This part is about digging and preparing. The next video will be about testing and the third will be firing. I haven't finished the second and third videos yet but should have them in the next two weeks.
PART ONE
A couple of things I did not mention in the video: 1..Finding a cut or trench in the surface allows you to examine the strata and more easily identify veins of clay. This site has about 18" of sand on top of the clay and the clay layer, being buried that deep, had very little organic material to deal with.
2....Drying the dug clay completely before mixing with water makes mixing a lot easier. Dry clay "slakes" (absorbs water and breaks down to a slip almost effortlessly). Damp or wet clay won't readily absorb water and is harder to make into slip without more work on your part.. WORK is a four letter word, let natural forces do it for you.
PART TWO
PART THREE
5 comments:
Love your site! Thanks!!
Thank You Teri
Your native clay looks much like the greasy yellow clay I dig. Does it fire out to a pinkish color in electric? I've used it in my groundhog kiln for years. It fires out a nice chocolate brown to purple at cone 11. I cover with white slip and use it in raku, too. I've enjoyed your videos! Thanks for posting them.

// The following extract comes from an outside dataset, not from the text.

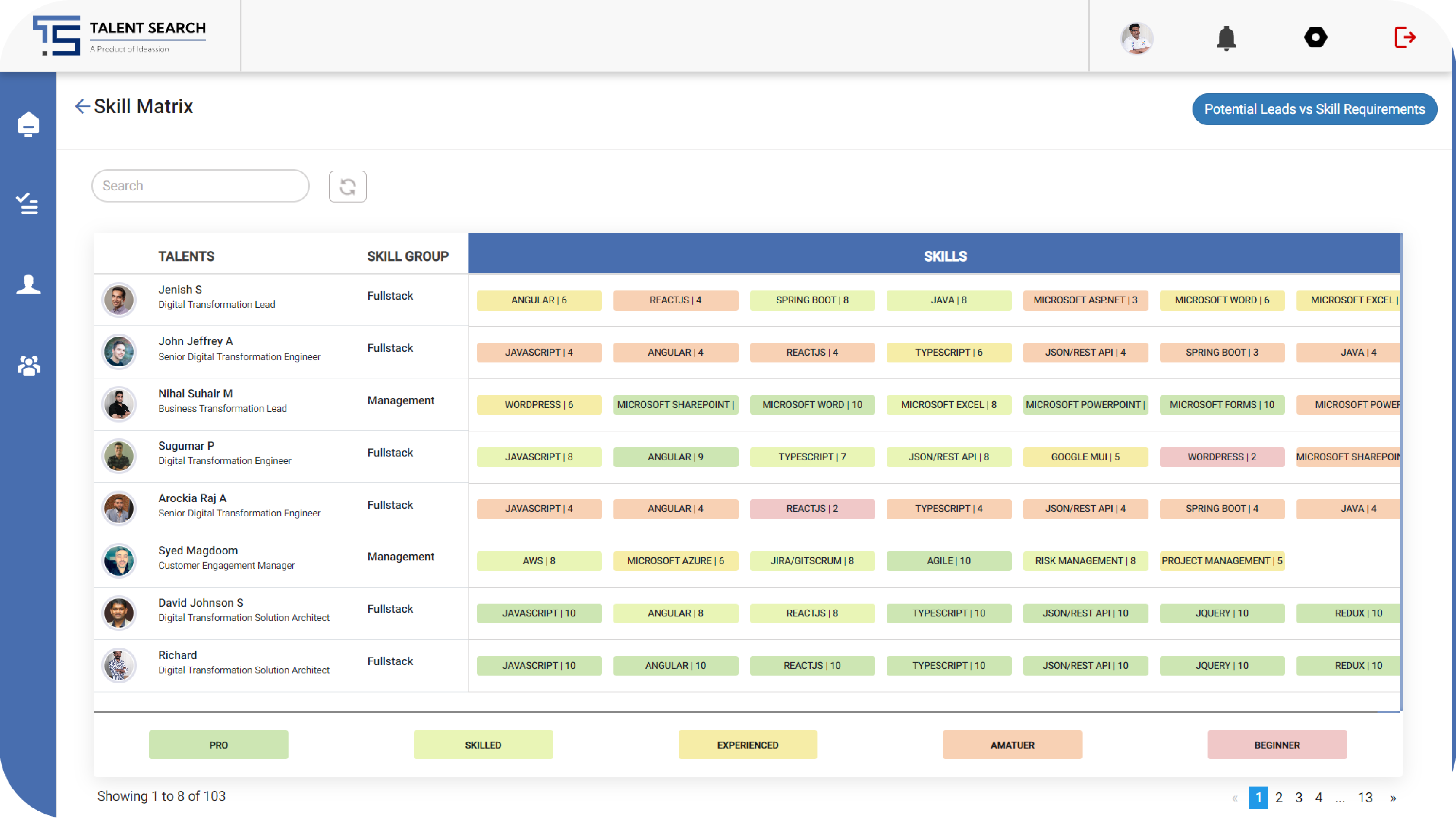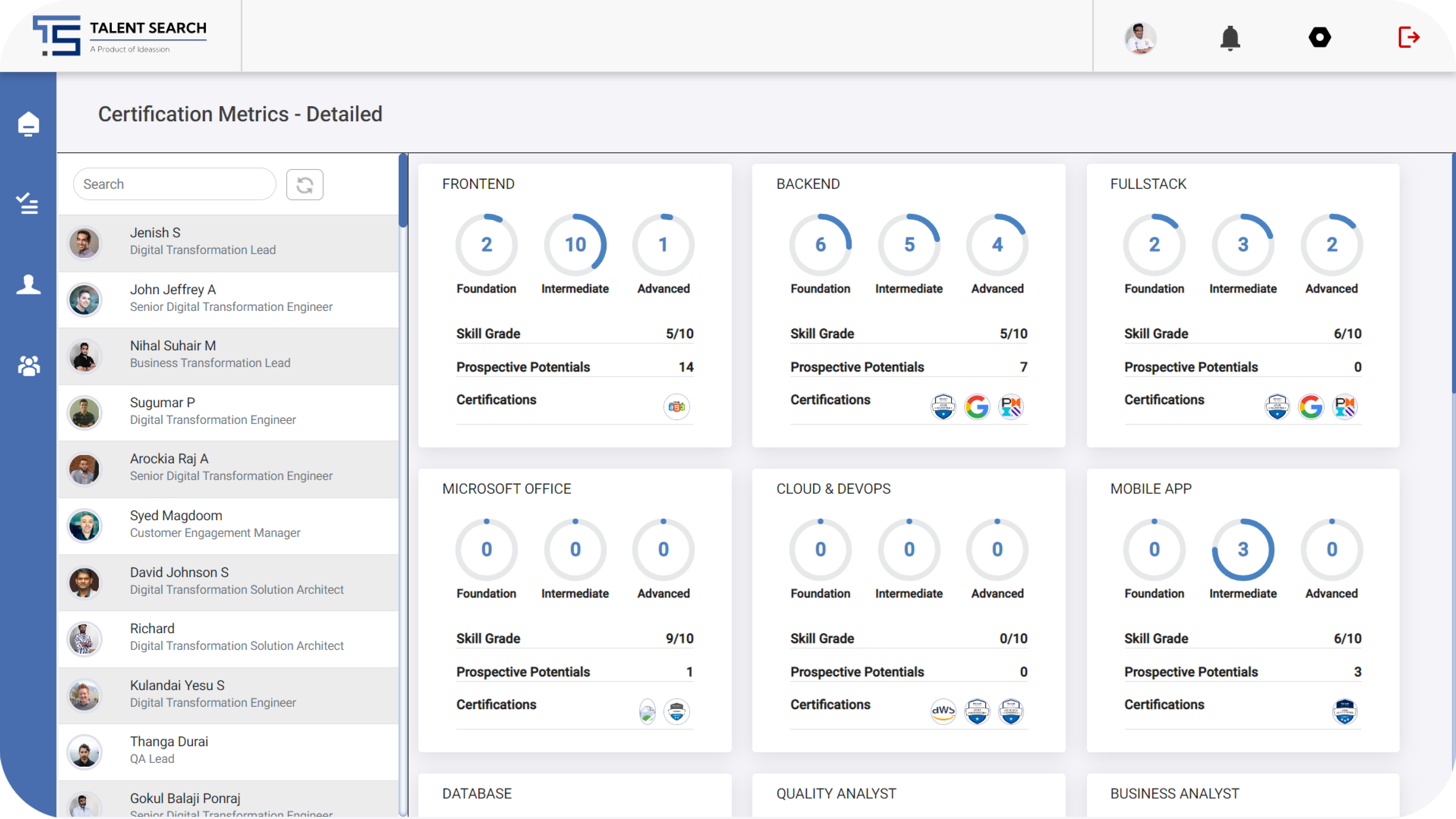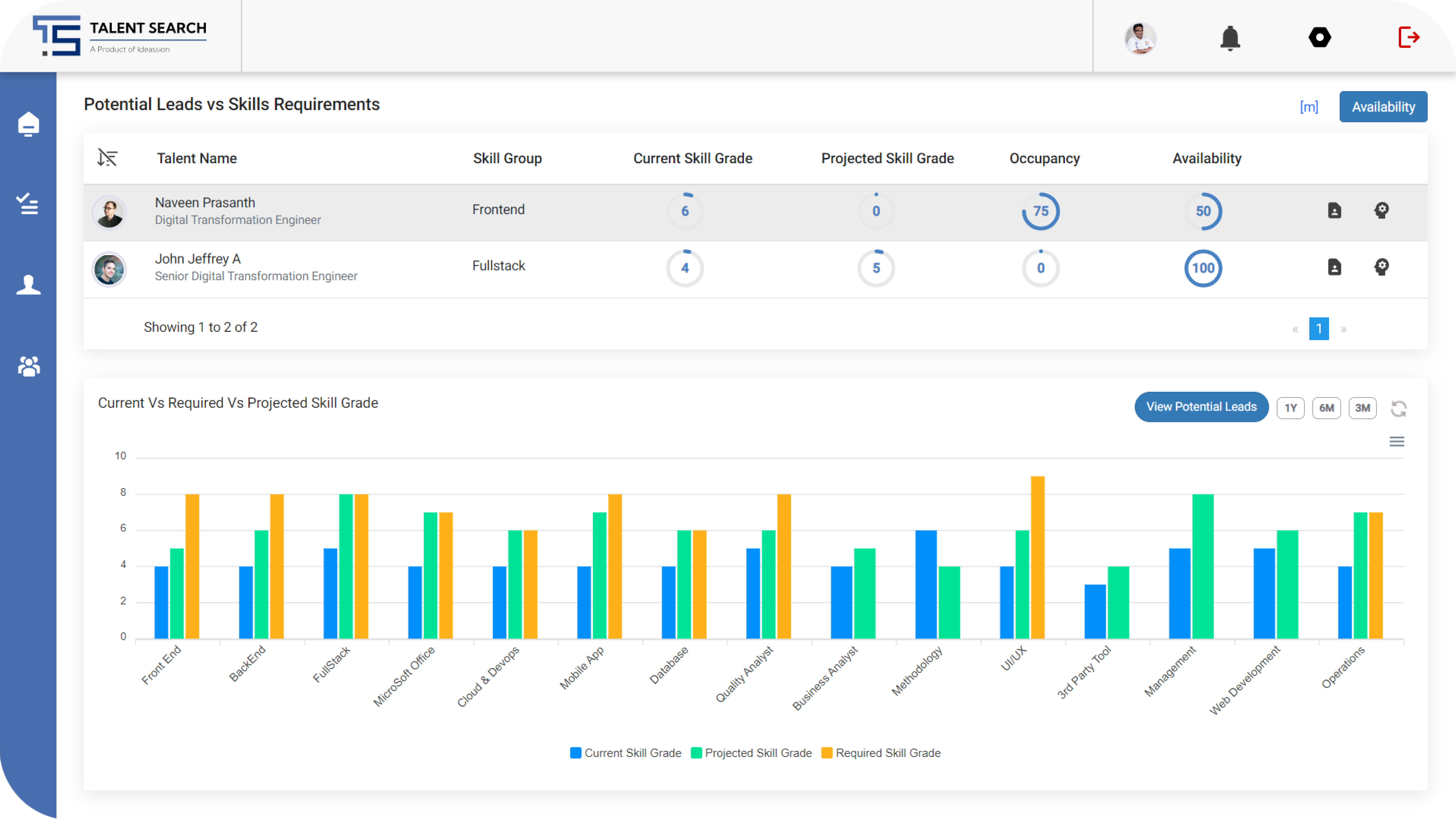 Balance potential customer demand with skill requirements, the platform enables you to digitally re-track progress and store talents like a database in dashboard view.

Hi Gary. Good to hear from you. This clay fires to a salmon/tan color at cone 6 at about 12% shrinkage usually. I dig a purpleish earthenware and mix the two for a nice dark rusty color. I also dig a slip clay that fires a bit like Albany Slip when mixed with wood ash. I dig it from a shallow pond that's JUST FULL OF COTTONMOUTH WATER MOCCASINS so I only wade out in there in the winter.
What is that piece of fabric? It's not leather. What is it?